[[ Material for the task, beginning ]]
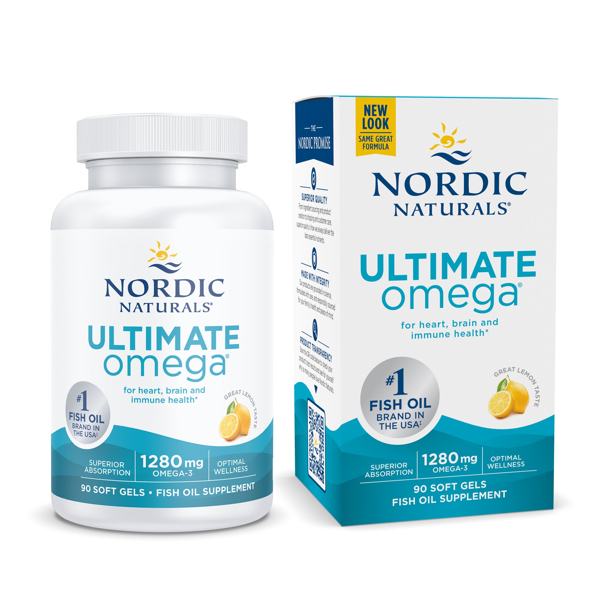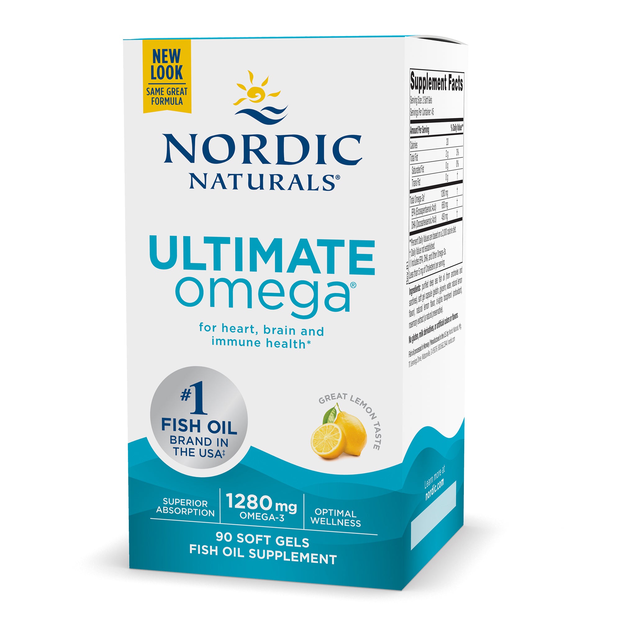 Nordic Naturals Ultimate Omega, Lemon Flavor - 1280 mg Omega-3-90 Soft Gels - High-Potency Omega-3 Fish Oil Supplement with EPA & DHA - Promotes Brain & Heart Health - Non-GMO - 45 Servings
[[ Material for the task, end ]]
[[ Material for the task, beginning ]]
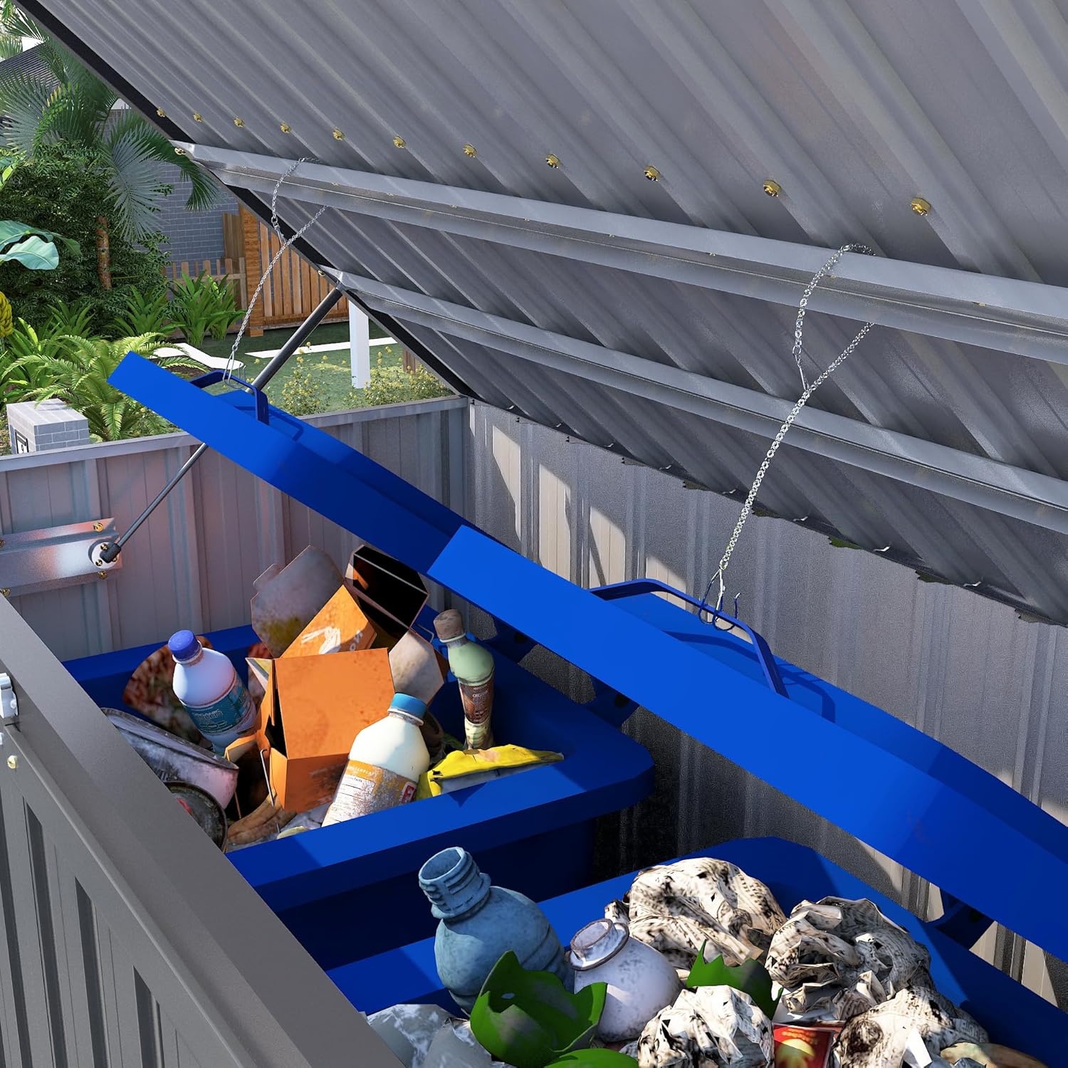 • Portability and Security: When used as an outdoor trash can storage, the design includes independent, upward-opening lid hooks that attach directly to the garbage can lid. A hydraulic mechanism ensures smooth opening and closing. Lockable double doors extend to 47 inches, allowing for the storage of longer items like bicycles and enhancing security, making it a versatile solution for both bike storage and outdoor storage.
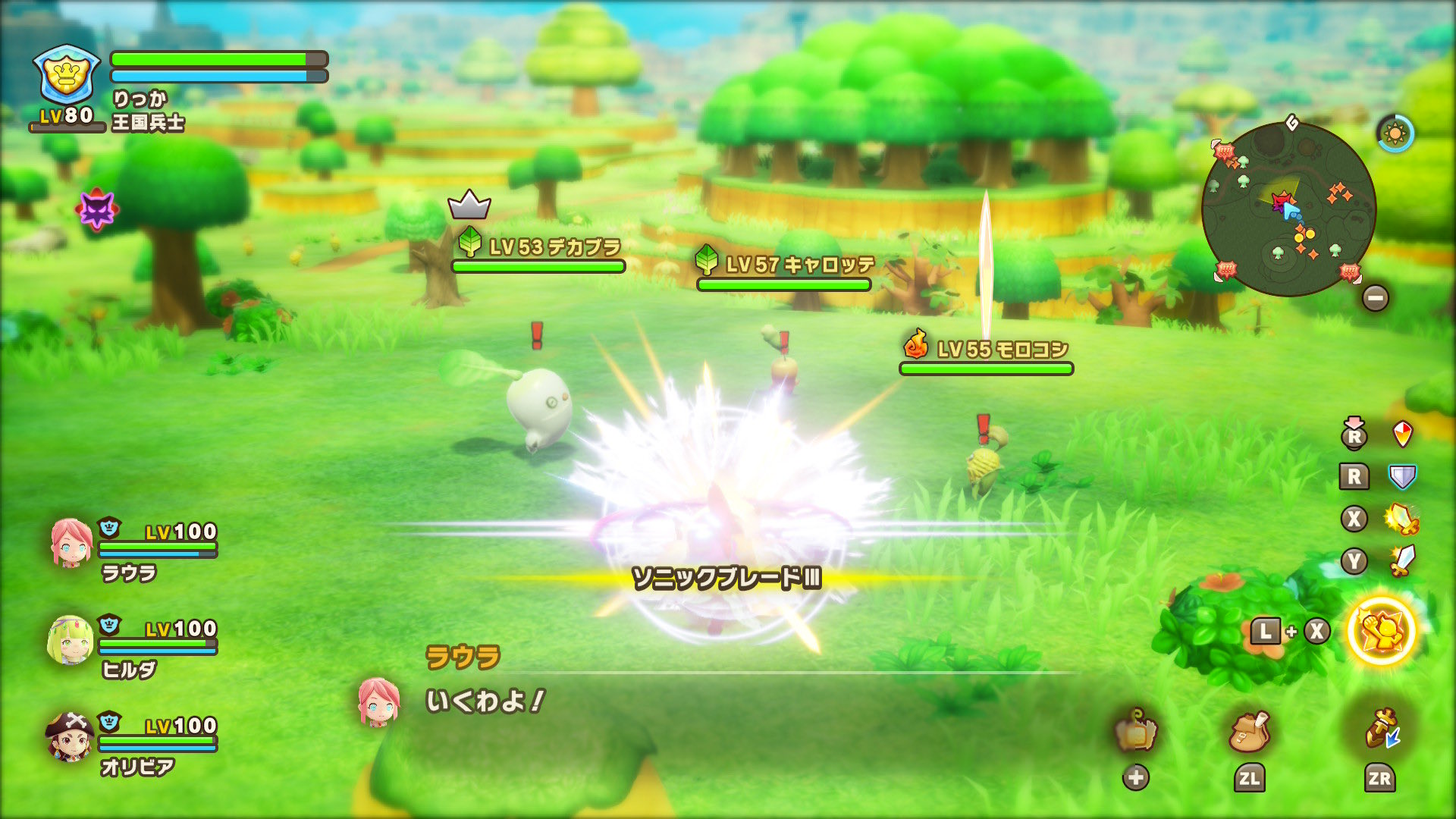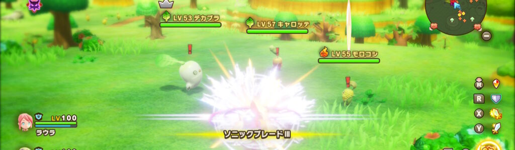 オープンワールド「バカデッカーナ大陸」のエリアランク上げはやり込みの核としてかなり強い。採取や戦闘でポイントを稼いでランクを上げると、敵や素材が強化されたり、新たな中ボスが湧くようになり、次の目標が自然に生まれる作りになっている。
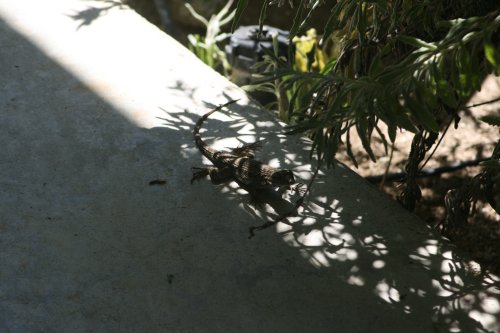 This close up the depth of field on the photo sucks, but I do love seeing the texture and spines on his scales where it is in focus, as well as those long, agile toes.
[[ Material for the task, end ]]
Only one stretch of the listing above is to be duplicated: the lines from the one containing "オープンワールド「バカデッカ" through the one containing "This close up", both included. Copy them exactly, minus the pictures.

» Answer to the problem:
 オープンワールド「バカデッカーナ大陸」のエリアランク上げはやり込みの核としてかなり強い。採取や戦闘でポイントを稼いでランクを上げると、敵や素材が強化されたり、新たな中ボスが湧くようになり、次の目標が自然に生まれる作りになっている。
 This close up the depth of field on the photo sucks, but I do love seeing the texture and spines on his scales where it is in focus, as well as those long, agile toes.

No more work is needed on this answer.